Matthew Rodgers, Netherlands analyst at The Economist Intelligence Unit, said that although far-right parties such as Geert Wilders’ PVV Party for Freedom will try to make political capital from the ruling, it is unlikely to shift very many voters.

‘The fallout on public opinion and political stability looks quite limited,’ he said. ‘Even though there’s quite a strident group in the Netherlands, perhaps larger than in other countries, that opposes the curfew and further lockdown restrictions, the lion’s share of the public still backs the government on fundamental lockdown restrictions in principle.

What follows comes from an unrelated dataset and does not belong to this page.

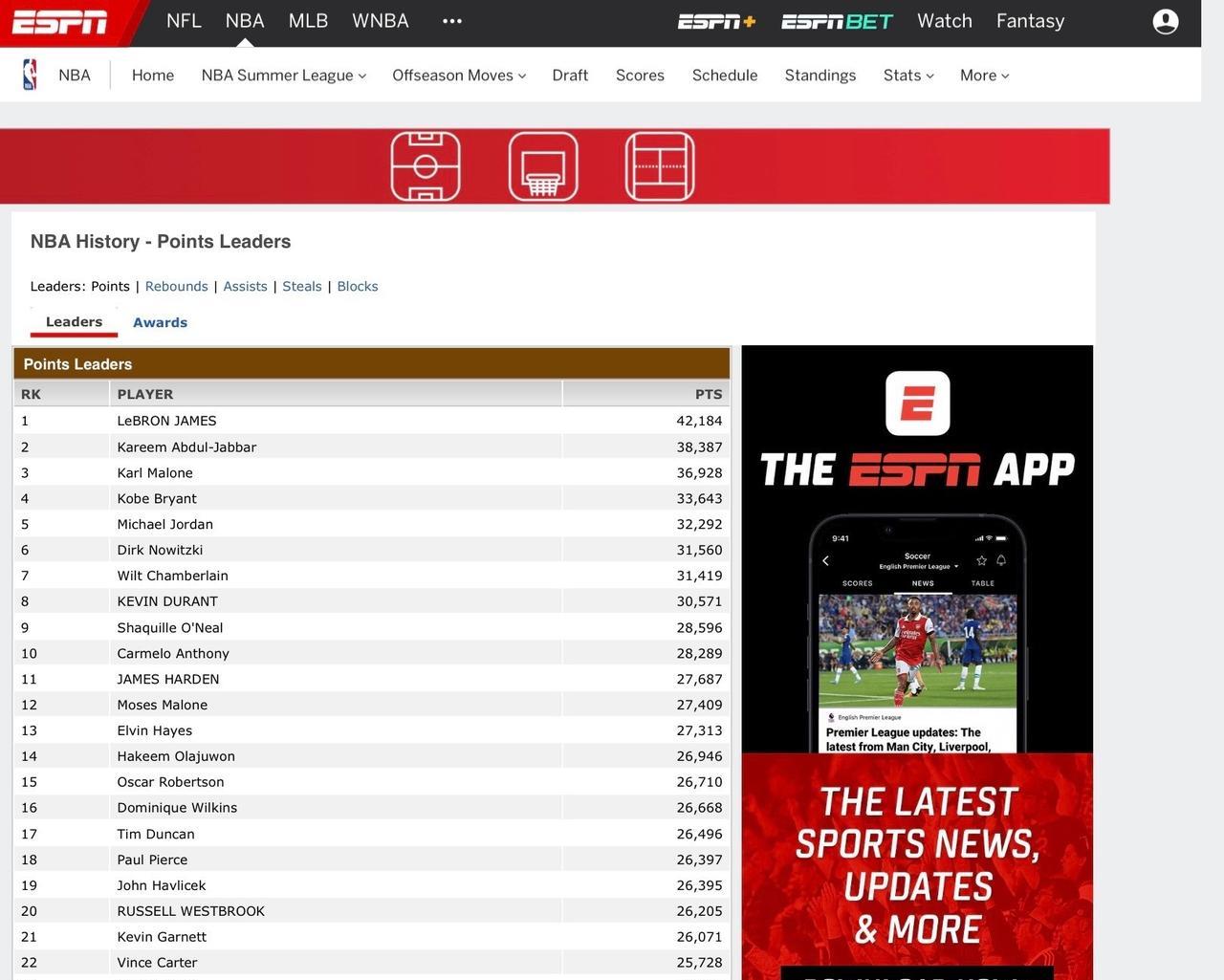 麦迪在得分上就是个笑话,上来挺猛,还拿了两届得分王,本以为他能25000+,结果到退役了不到18000

‘The vociferous hostility to the curfew that we’ve seen is also interlaced in the public imagination with scenes of violence that were universally repudiated across the political spectrum, including those on the right. While the far-right might be feeling vindicated by the [court] decision, political damage has been done by the images of looting after the curfew began.’

Rutte, meanwhile, called on Dutch citizens to respect the spirit of the curfew, as the latest coronavirus figures showed a slight rise in infections week-on-week. ‘The judge’s verdict this morning is, of course, a setback,’ he said in a press conference. ‘If the legal basis for the curfew is wrong right now… that does not mean it is not necessary. The curfew is a means to an end, not an end in itself. The goal is to keep the coronavirus under control as much as possible, so that soon we all get our freedoms back, in a safe way. That is why we implemented the curfew and that hasn’t changed.’

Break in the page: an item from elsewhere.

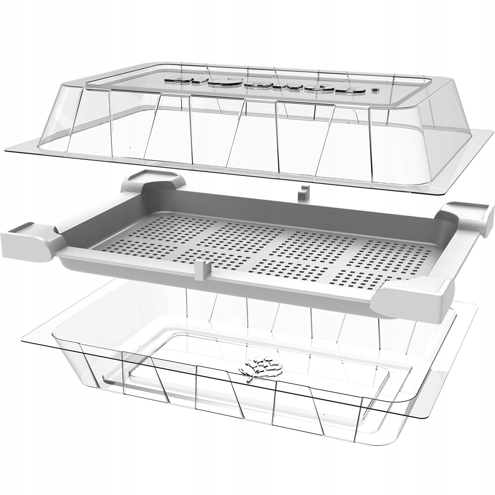 Kiełkownice można ustawiać piętrowo jedna na drugiejDopóki kiełki mieszczą się pod przykrywką, kiełkownice można stabilnie ustawiać jedną na drugiej - ułatwiają to specjalnie wyprofilowane tacki dolne oraz przykrywki. Po zdjęciu przykrywki kiełkownice muszą być ustawiane obok siebie. | |

Tom van der Meer, professor of political science and co-director of the Dutch parliamentary election survey at the University of Amsterdam, said that time will tell whether the court case will affect Rutte’s position in the polls or faith in government. ‘The rally round the flag sentiment has evidently benefited Mark Rutte since March 2020, almost one year ago,’ he told me. ‘His party grew sharply in the polls; trust in his government rose to unprecedented heights.’

In this case, the verdict probably will not affect the image that the supporters of government already hold, of politicians who do their best in a time of crisis. The verdict is primarily about constitutionality, not about the policy itself, and the verdict is not yet final. Third, VVD-voters do not have very evident alternatives, even if they are somewhat dissatisfied.’

Meanwhile, as the Dutch government scrambles to try to overturn the surprise ruling, mainstream virologists are still fully behind the curfew. Aura Timen, head of the National Coordination Centre for Communicable Disease Control, told NOS that without it and a one-visitor-a-day rule, the Netherlands would be skating on thin ice. ‘From the perspective of combatting a virus and public health, the curfew together with rules about visitors are extremely important to suppress the R-value, especially in the light of the arrival and growth of the British variant in the Netherlands,’ she said. ‘Without them, the figures would be far worse.’